Daily Encouragement: Year 2, Day 91

From Handbook to God’s Promises

GOD’S PROVISION FOR FORGIVENESS OF SINS

Who Is a God Like You?
Read Micah 7:18–20

A hardened, sword-wielding, South American slave trader is on a pilgrimage to find forgiveness. The penitent sinner climbs cliffs and slogs through dripping jungles, dragging behind him a huge rope net filled with the remnants of his past—swords, armor, guns, and the like. His goal? To reach the simple jungle Indians whose tribe he has decimated, and to find pardon at their feet. He nearly kills himself by dragging the huge weighted net behind him; it is a symbol of who he was and of the burden he carries. As a man who has lived by vengeance and the sword, his penance is to punish himself until he can reach those who alone can forgive him.

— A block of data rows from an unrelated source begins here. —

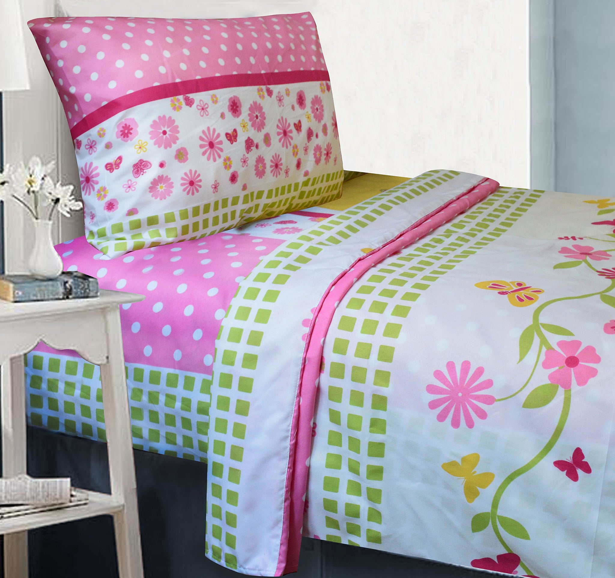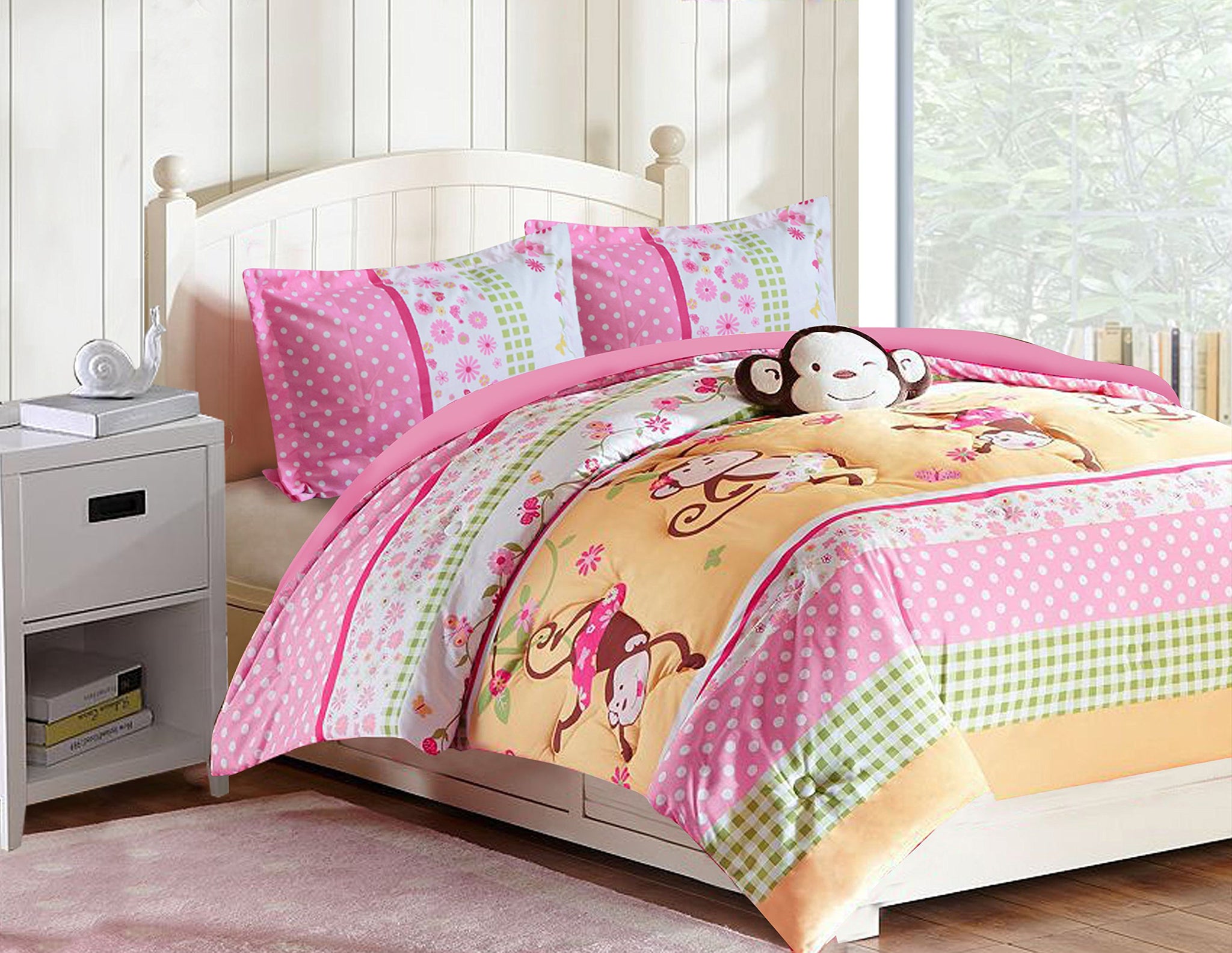 Details: Upgrade your child's bedroom into the cutest pad in the jungle with the Monkey Business comforter set. The comforter forms the centerpiece of the room with a design of happy monkeys hanging around an eclectic pattern of checks, flowers and polka dots. The vibrant color scheme of yellow, pink, green and white is carried through to the included pillow sham. Comforter measures 64" x 86" There's also a cute accent cushion in the shape of a winking monkey's face that's guaranteed to be your child's new favorite friend! Be sure to check out the matching curtain and sheet sets for a complete bedroom makeover.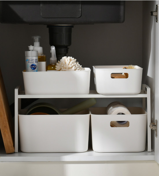 地柜位置低又潮濕,適合放些比較重的東西和大件物品,比如大瓶裝的清潔劑、洗衣液、水盆等。有些地柜沒有多層抽屜,柜門一打開就是排水管,儲(chǔ)物空間很不規(guī)整。想要充分利用空間,就把收納盒安排上吧。利用收納盒進(jìn)行分類收納,至少可以放幾十件小東西,搭配分層置物架,地柜空間就能實(shí)現(xiàn)物盡其用。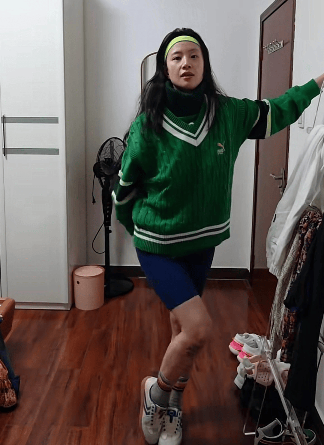熒光綠長袖搭配寬鬆堆堆褲,腳下是一雙紅得發紫的拖鞋;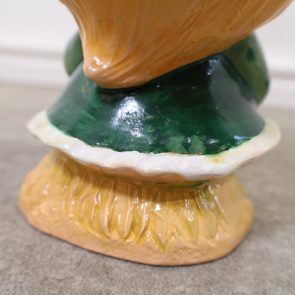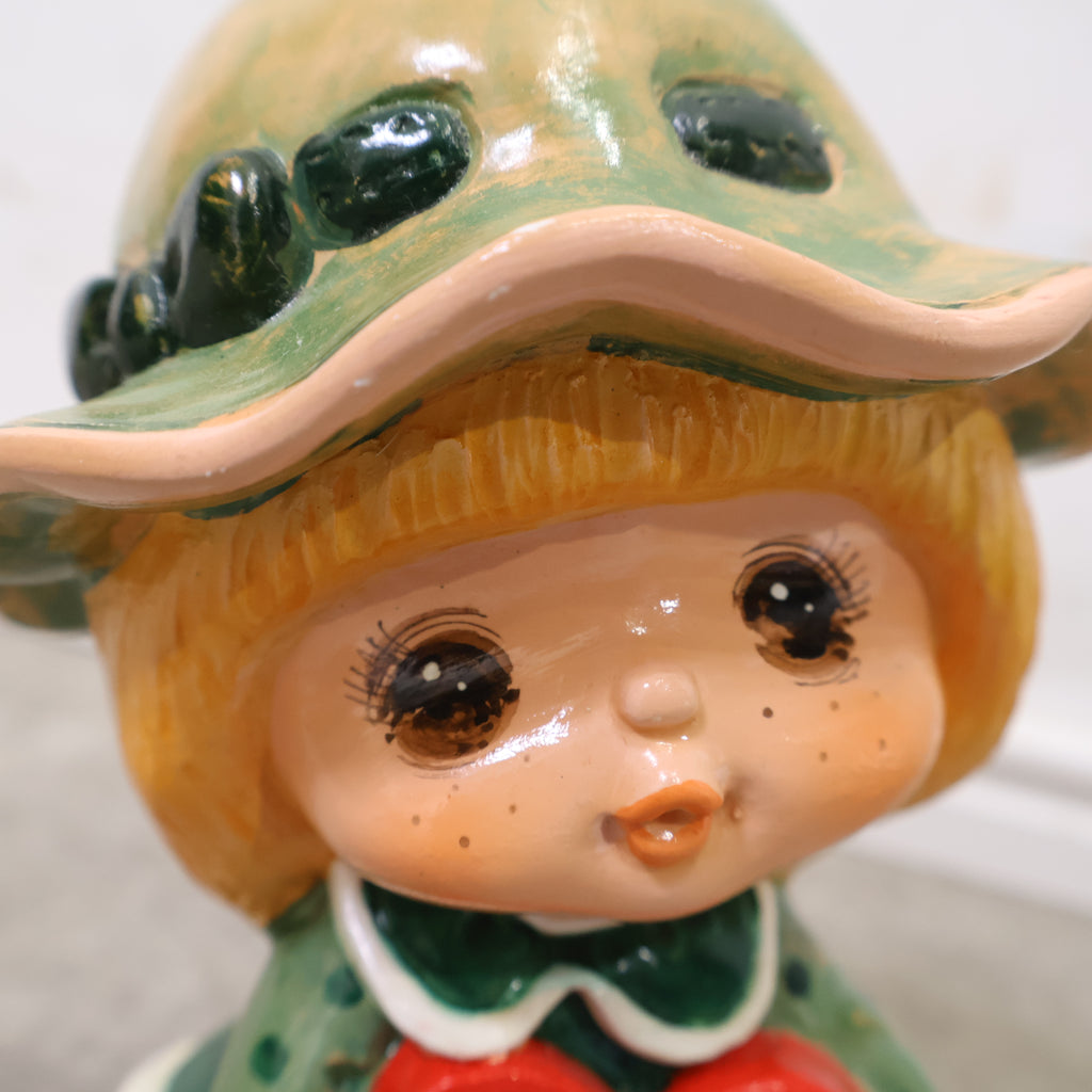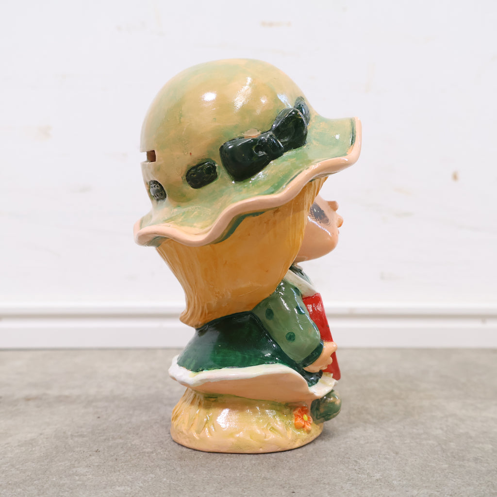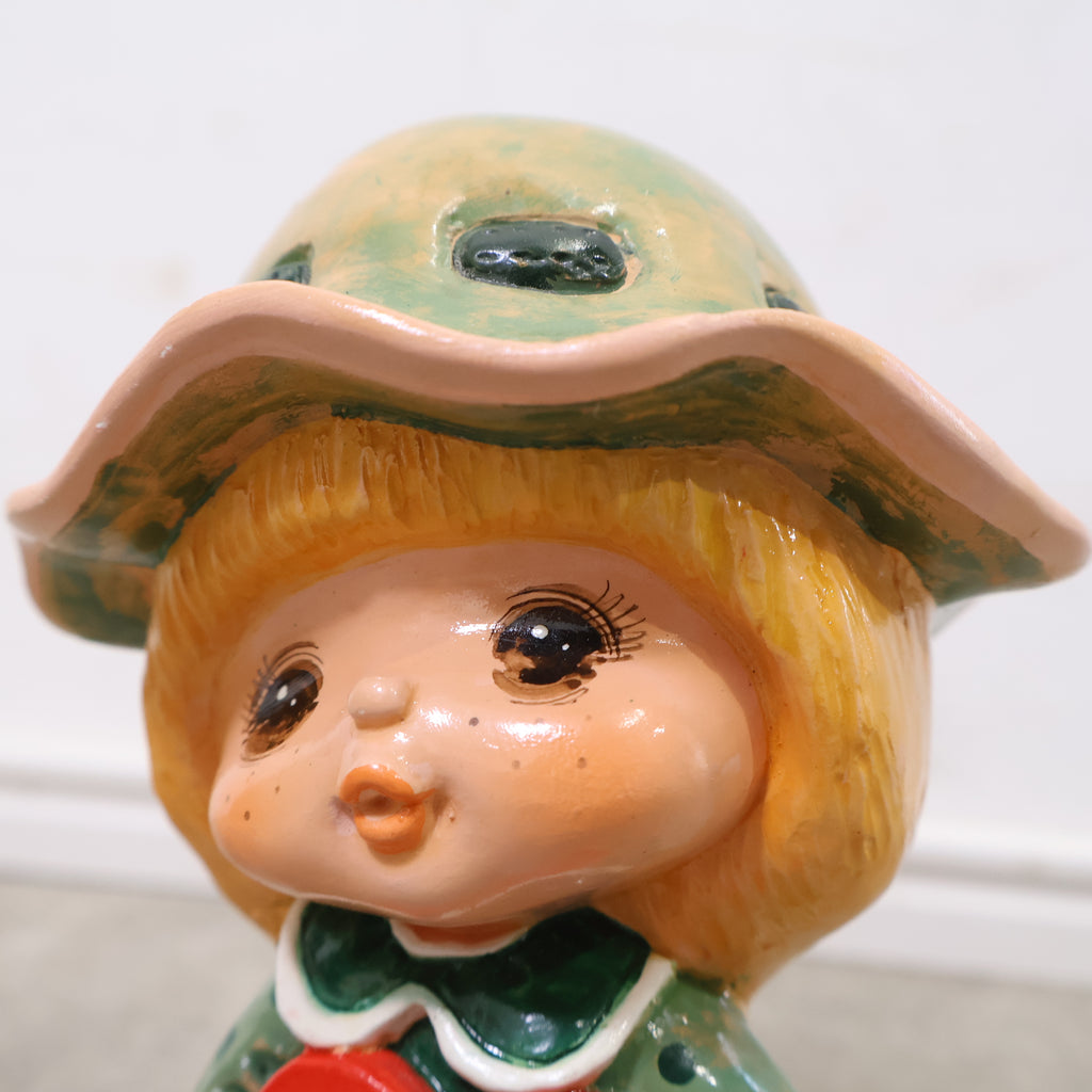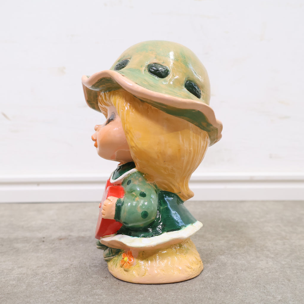 可愛らしい女の子の貯金箱です。大きな帽子が特徴的で、胸元に「愛する心」と書かれたハートを持っていて、愛嬌を感じますね。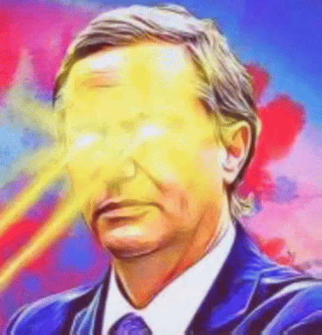 Jose Antonio Kast, also known as JAK, depicted with intense, glowing laser eyes in a vibrant, colorful artwork.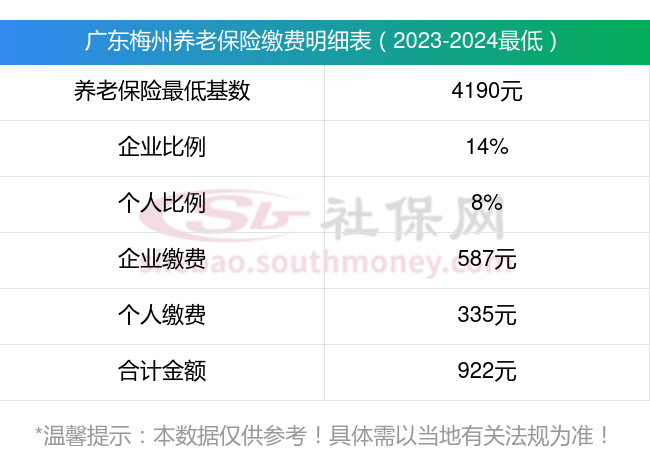 据新社通app显示,广东梅州养老保险缴费基数2023-2024年最新标准如下: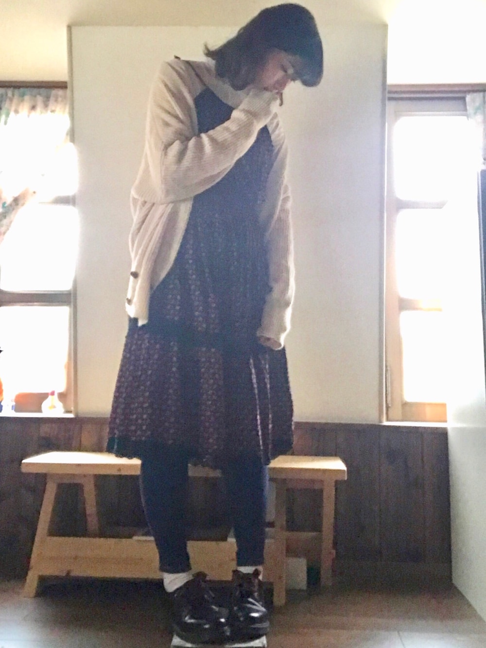 写真がみにくくなっちゃいましたが… 古着屋で買った花柄のワンピースにデニムとマーチンを合わせました! 寒いのでカーディガンも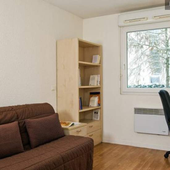 Studio tout équipé pouvant accueillir 2 personnes. Il comprend une kitchenette (équipée notamment d'un réfrigérateur et de plaques électriques) et une salle de bain. La résidence vous propose des studios équipés d'une kitchenette, d'une salle d'eau, et meublés pour votre plus grand confort. De nombreux services sont à votre disposition. La résidence se situe entre le Campus Universitaire de Rouen et le Technopôle du Madrillet (INSA, ESIGELEC), tous deux accessibles par les transports en commun. Le métrobus station Voltaire, au pied de la rés...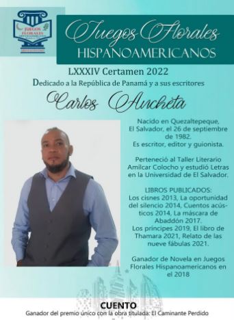 En la rama de cuento el ganador es Carlos Noé Ancheta Vásquez, originario de El Salvador, con la obra El caminante perdido.

When the slave trader finally reaches the tribe, he is nearly dead from the exertion of his penance. The Indian leader, recognizing this man’s face, approaches with knife in hand. On his knees from exhaustion, the trader doesn’t know whether he will live or die. But instead of cutting the trader’s throat, the Indian cuts the thick rope that has bound man and net together. In a powerfully symbolic gesture, the leader pushes the remnants of the slave trader’s past over a cliff into a turbulent river far below.

While this portrayal of forgiveness—from The Mission, the Cannes Film Festival’s Best Picture of 1986—is powerful, Hollywood didn’t invent the concept. God has been extending forgiveness for millennia.

Once, at a time when the Israelites had made slave traders look noble by comparison (“The best of them is like a brier, the most upright worse than a thorn hedge”—Ouch!—Micah 7:4), God still forgave them. Then and now, people marvel at the nature of God to forgive: “Who is a God like you, who pardons sin and forgives?” (7:18).

The Indian leader may have hurled the tools of the slave trader over a cliff into a river, but God hurls “all our iniquities into the depths of the sea.” He delights in showing mercy if we will but bring our burden to him.

God’s Promise: It may be your nature to sin, but it is His nature to forgive.